-- What you should do --
Skip the pictures. Transcribe exactly the lines from the line containing "Wir laufen einige" to the end of the listing.

-- Available data --
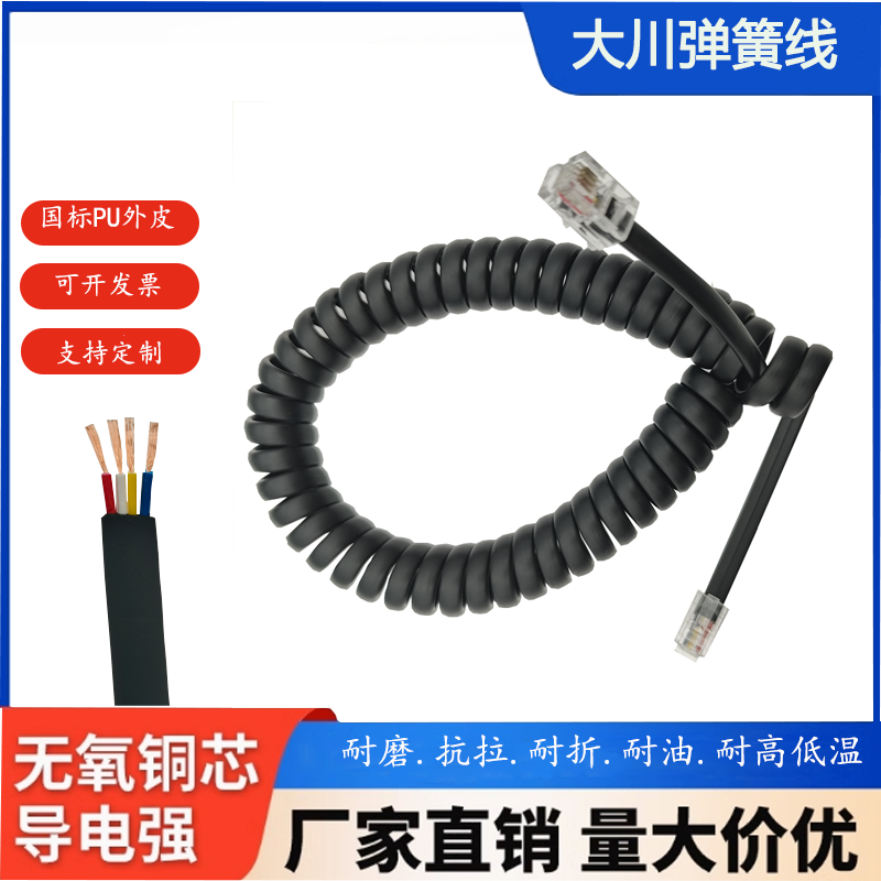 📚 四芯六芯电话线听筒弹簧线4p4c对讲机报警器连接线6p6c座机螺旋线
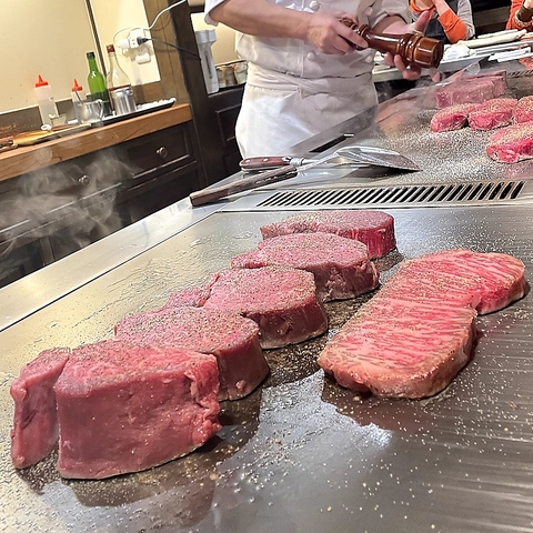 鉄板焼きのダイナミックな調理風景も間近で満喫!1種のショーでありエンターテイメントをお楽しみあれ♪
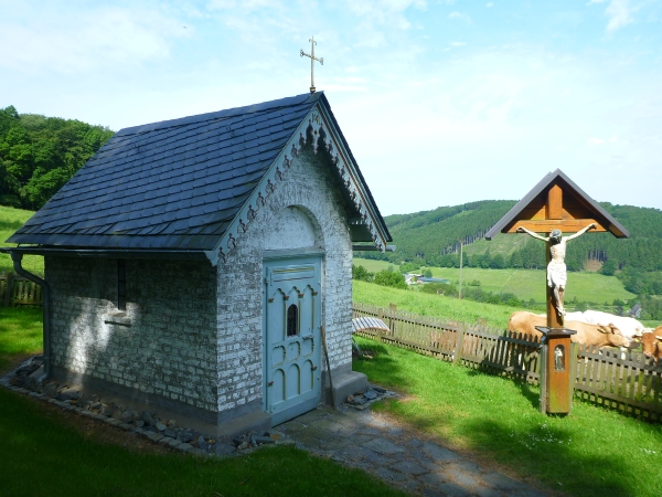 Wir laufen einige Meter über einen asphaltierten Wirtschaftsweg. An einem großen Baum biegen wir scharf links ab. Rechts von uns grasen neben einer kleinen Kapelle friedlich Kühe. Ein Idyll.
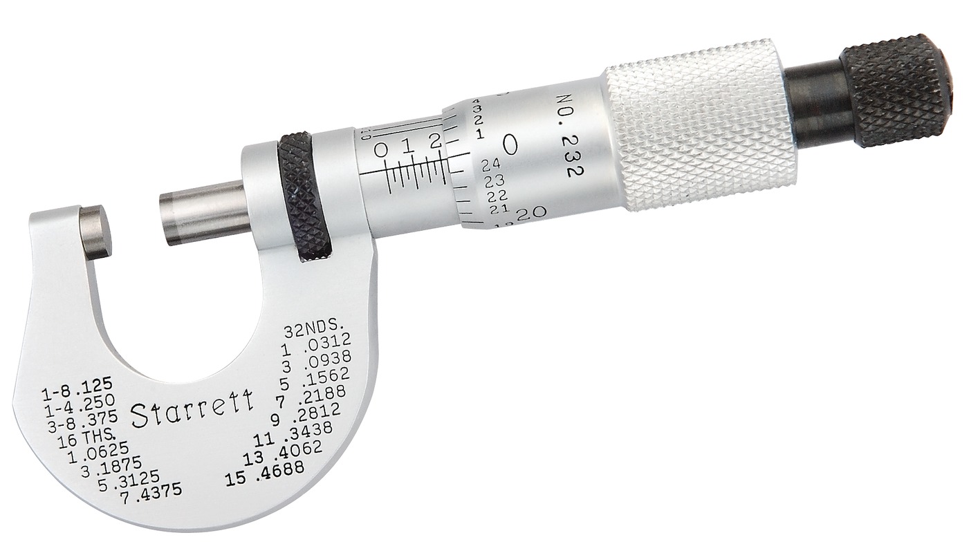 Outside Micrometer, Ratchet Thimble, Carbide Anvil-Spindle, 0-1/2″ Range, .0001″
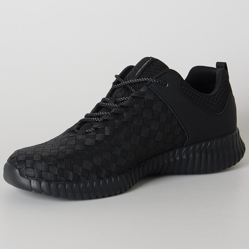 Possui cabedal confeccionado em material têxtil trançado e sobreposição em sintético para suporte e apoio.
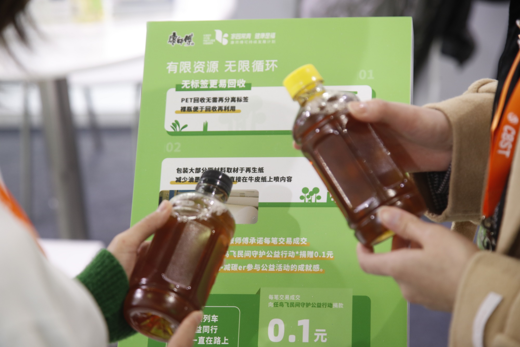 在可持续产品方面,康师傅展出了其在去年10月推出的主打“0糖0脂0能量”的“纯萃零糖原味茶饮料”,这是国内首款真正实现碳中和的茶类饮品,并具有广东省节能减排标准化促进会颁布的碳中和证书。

-- Your response --
 Wir laufen einige Meter über einen asphaltierten Wirtschaftsweg. An einem großen Baum biegen wir scharf links ab. Rechts von uns grasen neben einer kleinen Kapelle friedlich Kühe. Ein Idyll.
 Outside Micrometer, Ratchet Thimble, Carbide Anvil-Spindle, 0-1/2″ Range, .0001″
 Possui cabedal confeccionado em material têxtil trançado e sobreposição em sintético para suporte e apoio.
 在可持续产品方面,康师傅展出了其在去年10月推出的主打“0糖0脂0能量”的“纯萃零糖原味茶饮料”,这是国内首款真正实现碳中和的茶类饮品,并具有广东省节能减排标准化促进会颁布的碳中和证书。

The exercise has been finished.